Compression of the spinal cord occurs when the vertebral bodies or their fragments are displaced, as well as when hematomas form and cerebral edema. There may be loss of sensory activity and inability to move limbs or the entire body.

The most complex injuries lead to disorders of the intestinal organs, urinary system, respiratory systems and blood vessels. Often, victims suffer from chronic pain.

Spinal cord injuries affect not only the physical level, but also the psychological one. A person may experience impaired reaction speed, poor coordination, sudden mood swings, aggression, fear or a feeling of loss, anxiety, decreased appetite , and depression.

The most serious consequences of spinal cord injury are:

  • paralysis of the whole body or individual parts;
  • disability;
  • Difficulty with digestion and bowel movements;
  • deep vein thrombosis
  • bedsores;
  • muscle spasticity (constant tension);
  • Impaired lung function (breathing problems).

Important! Any back injury requires urgent contact with a doctor, an ambulance or the nearest emergency room. After any spinal injury, immediate care is extremely important. The sooner a qualified neurosurgeon stops the pathological process in the spine, the less pronounced the consequences will be. Do not delay rehabilitation measures to eliminate long-term consequences of a spinal cord injury.

To clarify the diagnosis, radiography , and, if necessary, computed tomography and magnetic resonance imaging (CT, MRI), which can help identify blood clots in the spinal substance. An X-ray of the spine will help determine the location of the injury and the type of injury. A lumbar puncture (lumbar puncture, spinal tap, lumbar puncture) and myelography may also be needed.

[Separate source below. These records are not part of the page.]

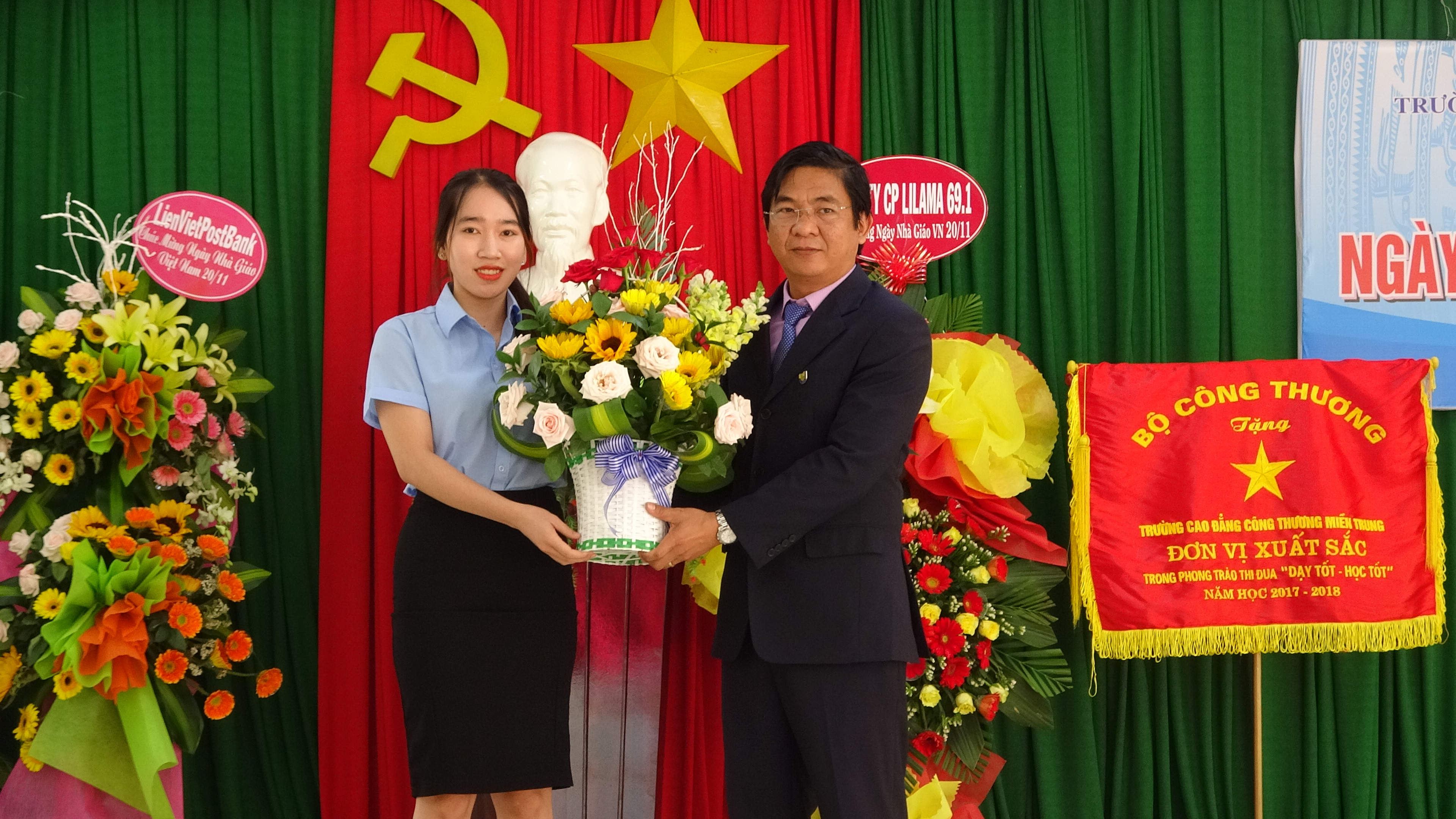 Nhân dịp này, để cảm ơn những người thầy, người cô đã thầm lặng đưa những chuyến đò qua sông, để lớp lớp thế hệ học trò đến với chân trời của tri thức, sinh viên Lê Thị Thanh Thủy – lớp CĐ QTKD41 đại diện cho học sinh sinh viên nhà trường đã phát biểu chúc mừng và dành tặng những bó hoa tươi thắm nhất đến các thầy cô giáo.
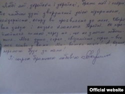 «Надюша, привет! Желаю тебе одного: свободы и победы! Это хоть и два слова, но смысл для нас один, – пишет Сенцов. – Держись! Не буду уговаривать тебя кушать, ты сама знаешь, что делаешь, но очень хочу, чтобы ты не страдала – они этого не достойны! Слава Украине!»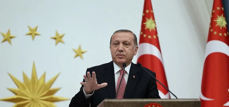 Erdoğan, "Yüzyıl önce binlerce kilometre ötelerden farklı milletlerin askerlerini Çanakkale önlerine getiren saik neyse bugün de dünyanın dört bir köşesinde teröristleri örgütün saflarında buluşturan neden aynıdır. O gün İstanbul'u işgal etmenin rüyası içinde 450 yıllık araya son verme özlemiyle gelenler, bugün de terör örgütünü aynı hedef için maşa olarak kullanıyor. Haçlı seferlerinin, Moğol istilasının, Sevr'in yarım bıraktığı işi bu kez terör örgütü üzerinden tamamlamak istiyorlar. Tüm ideolojik farklılıkları bırakarak, kanlı bıçaklı terör örgütlerini aynı çatı altında birleştiren sebep budur." şeklinde konuştu.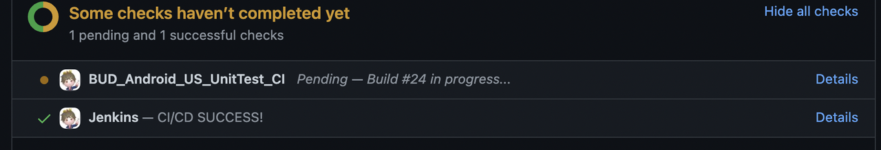 4、 Here we are , Configuration is complete . Next, send a to a branch of the project pull request test . Hair PR after GitHub Displayed on the pending check state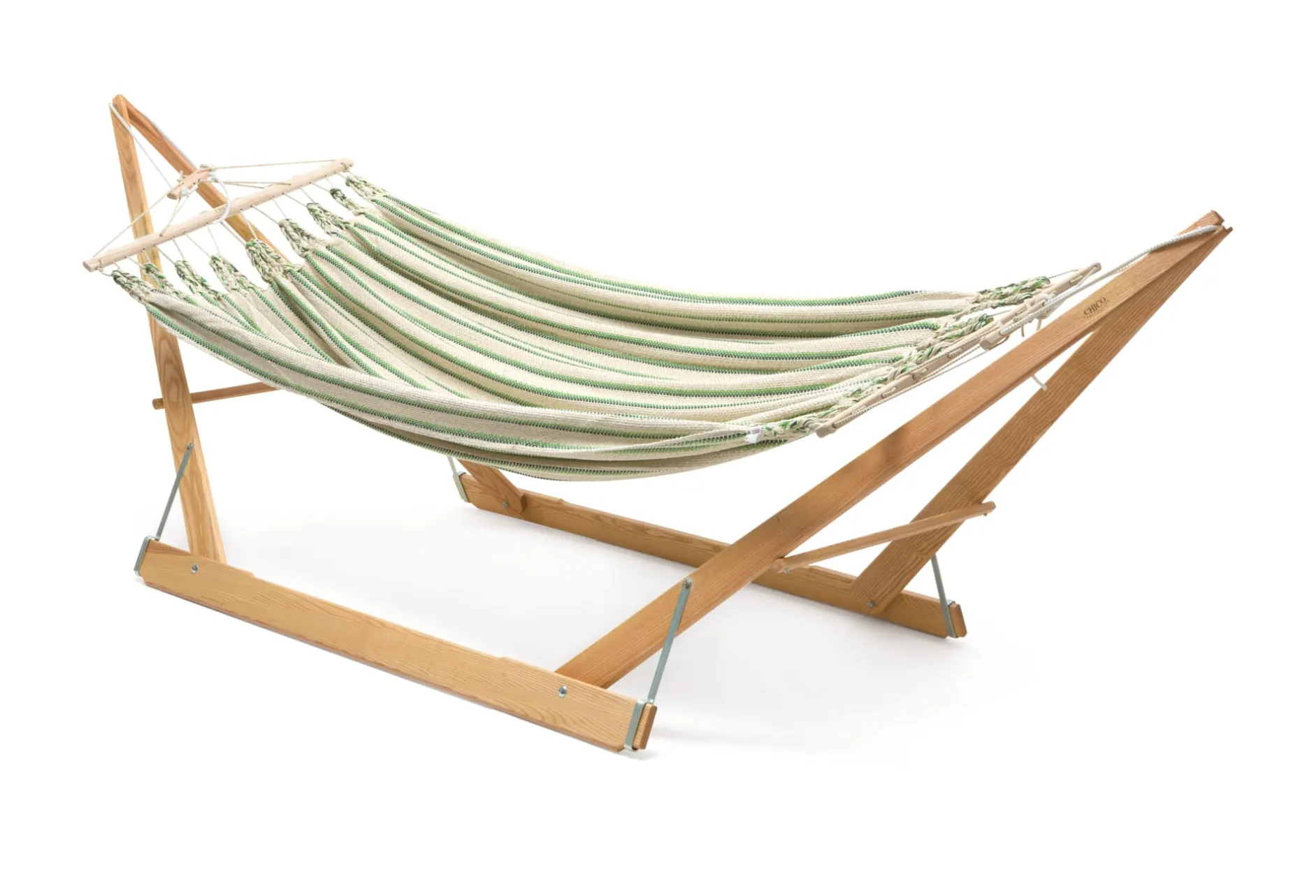 Die Hängematten werden in einer eigens entwickelten Endloswebtechnik gearbeitet, sie sind nicht nur von einer Materialopulenz, die man schon beim ersten Griff spürt – sie sind vor allem auch außerordentlich reißfest. Ein verstellbarer hölzerner Fixierstab verhindert das Zusammenrutschen der Matte, eine Spannvorrichtung ermöglicht Längenänderungen. Einzig beim Tragseil verwendet der Hersteller ein synthetisches Material, eine UV- und witterungsbeständige Polyestermischung, die die langfristige Belastbarkeit der Hängematte gewährleistet.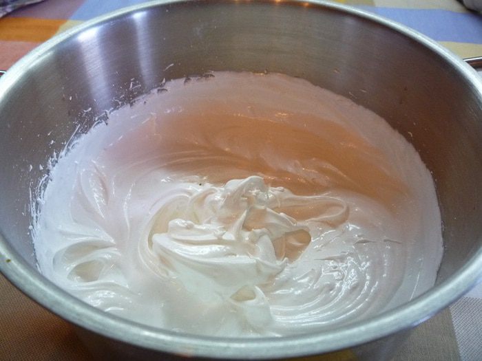 Для крема: миксером слегка взбиваем белки, добавляем сахарную пудру и 1 чайную ложку разрыхлителя. Ставим чашку на водяную баню и взбиваем миксером 10-15 минут.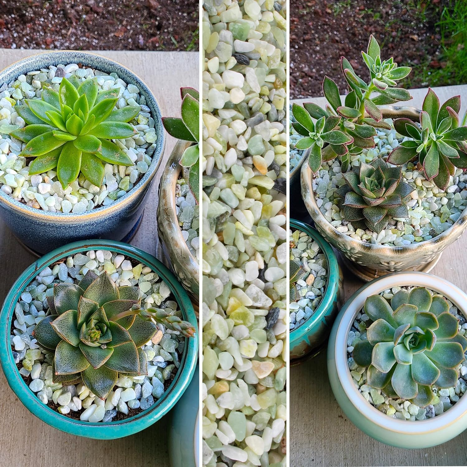 - đ”ăNATURAL STONESăThe combo of natural green and white rocks looks real classy and fresh. Their surface is all clear and smooth. These babies being all-natural, they're gonna stick around for a good while.

Hematomyelia is bleeding in which blood may accumulate in a hematoma, or fill a component of the spinal cord. It spreads along it, causing the destruction of nerve tissue, compression of motor pathways and brain structures. Causes partial damage to the spinal cord, but can affect the entire diameter. Accompanied by excessive bleeding into the space of the brain.

Consequences

A spinal fracture with damage to the spinal cord leads to serious consequences for the body. Their severity will depend on the extent of tissue damage, the timeliness and quality of treatment measures. Minor injuries damage peripheral nerve cells. Their work can be taken over by healthy neurons. In this case, the consequences will be minor.

If deeper layers of the spinal cord are affected, the consequences can be catastrophic. The patient may die or remain disabled. The brain completely loses connection with the body below the area of ​​spinal cord injury, which leads to complete loss of sensitivity in this area and immobilization.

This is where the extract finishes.